It’s been an unexpected and extraordinary Lent which has brought us to this Good Friday. Even though the COVID-19 curve appears to be flattening in Australia, this Holy Week road has still felt a lonely and anxious time for many. For those of us in the church the physical togetherness we are used to, in attending the many church services which makes this season so special, has been taken away from us.

During this time we’ve seen the least palatable side of our humanity, in terms of fear bringing out human stockpiling instincts to the disregard of the needs of others and the flagrant ignoring by some people for the self distancing measures required of us at this time.
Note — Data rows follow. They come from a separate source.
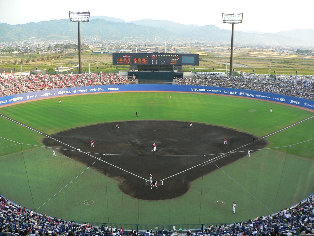 松山中央公園野球場(坊っちゃんスタジアム)は、日本野球発祥の地とも言われており、愛媛県松山市の松山中央公園にある野球場です。地方球場では最多となる3度のプロ野球オールスターゲームが開催された会場で、その記録は球場正面にある『の・ホール ミュージアム』で楽しむ事ができます。ヤクルトスワローズ『古田敦也選手』が2005年に同球場で2000本安打を達成しその功績は球場各所に飾られています。
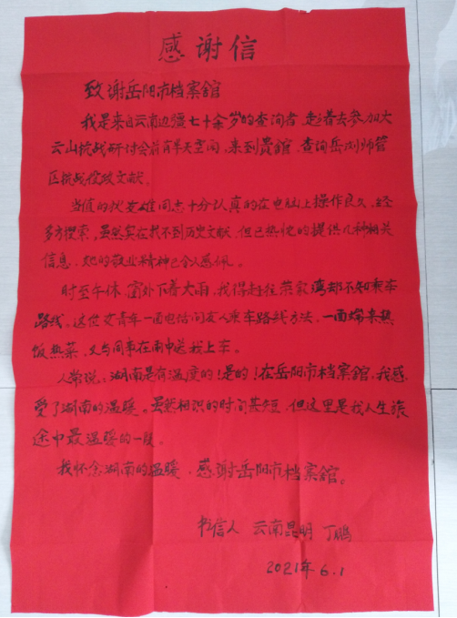 尽管没有找到相关档案,但丁老回云南后,对在岳阳市档案馆所受到的热情接待难以忘怀,她特意用大红纸写了封感谢信,并通过邮政快递寄来。她在感谢信结尾时满怀感谢写道:虽然相识的时间甚短,但这里是我人生旅途中最温暖的一段,我怀念湖南的温度!感谢岳阳市档案馆!
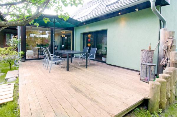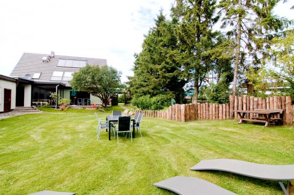 Dieses Ferienhaus lädt die ganze Familie ein. Bis zu 12 Personen können hier wohnen und dennoch ist Platz für jeden. Zum Beispiel auf der Südterrasse im großen Sonnengarten des über 2.000 qm Grundstücks.
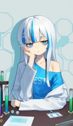 <lora:YoonYorry-Style:1.2>,upper body,1girl,solo,blue eyes,white hair,long hair,blunt bangs,(bags under eyes),blue streaked hair,blue t-shirt,long sleeves,hairclip,single bare shoulder,lab coat,id card,test tube,upper body,looking at viewer,(jitome:1.2),simple background,drop shadow,hexagon,desk,
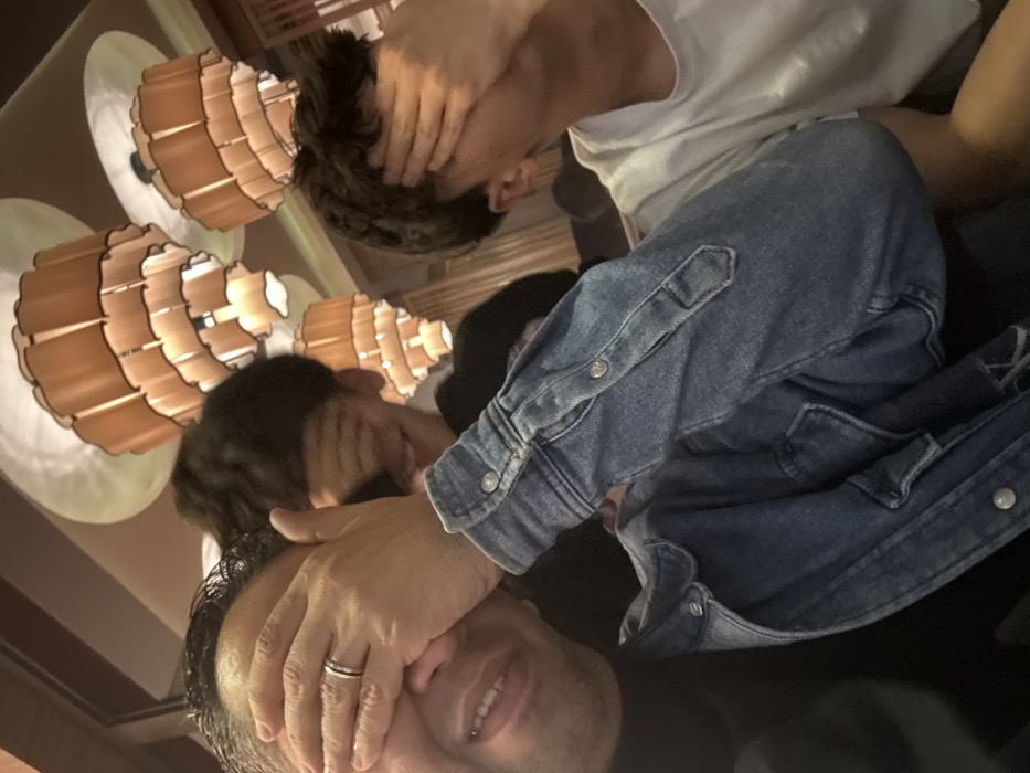Three people cover their eyes with their hands. The person closest to the camera has dark hair and is wearing a black shirt. There is a silver ring visible on their finger. Behind them is another person with dark hair wearing a denim jacket. The furthest person wears a white t-shirt and has dark hair. Three decorative light fixtures are visible on the ceiling.
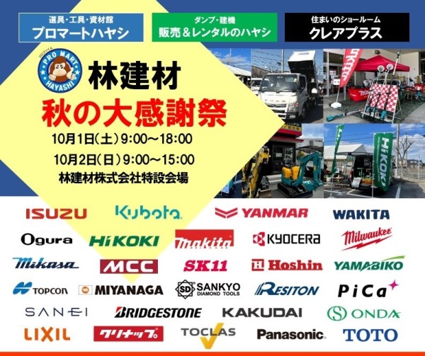 林建材では10月1日(土)・2日(日)に 、恒例の『秋の大感謝祭』を開催します!
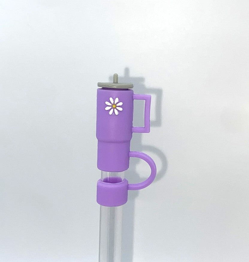Accessorize your favorite tumbler cup with this adorable Tumbler Purple w/White Flower Straw Topper. This cover fits 10mm/0.4inch straws and is compatible with Stanley 30 & 40 oz tumblers straws. Made from silicone.
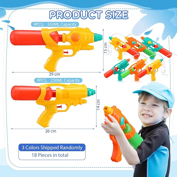 18 Pcs Large Water Guns for Kids Adults Long Range Water Pistol Toy Blaster Squirters Guns for Summer Outdoor Swimming Pool Beach Sand Fighting Play

We’ve also seen the very best of human motivation and action as nurses, doctors caregivers’ work untold hours to save lives, others pack bags of groceries for those most vulnerable and forced to self isolate, and still others offer their gift and talents to free online cultural sessions.


At the beginning of A Tale of Two Cities, Charles Dickens wrote:


It was the best of times, it was the worst of times, it was the age of wisdom, it was the age of foolishness, it was the epoch of belief, it was the epoch of incredulity, it was the season of Light, it was the season of Darkness, it was the spring of hope, it was the winter of despair, we had everything before us, we had nothing before us, we were all going direct to Heaven, we were all going direct the other way……

For churches, and church services in particular, the pandemic has led to an emergence of creative responses. Unexpectedly many of us have gained a new respect for social platforms; they’ve been an aid to continue in celebrating our services at this time. In fact I could say for the first time in my life I celebrated Palm Sunday at St James Piccadilly in London, whilst simultaneously staying at home in Melbourne. Christian Services have been zooming and YouTubing around the world all Lent - never before have we been able able to celebrate different liturgies inside so many different churches. That there is only a priest and a cantor or one or two others are present inside the churches or sacred spaces, are stark reminders to us that this isolation we experience is a globally shared one.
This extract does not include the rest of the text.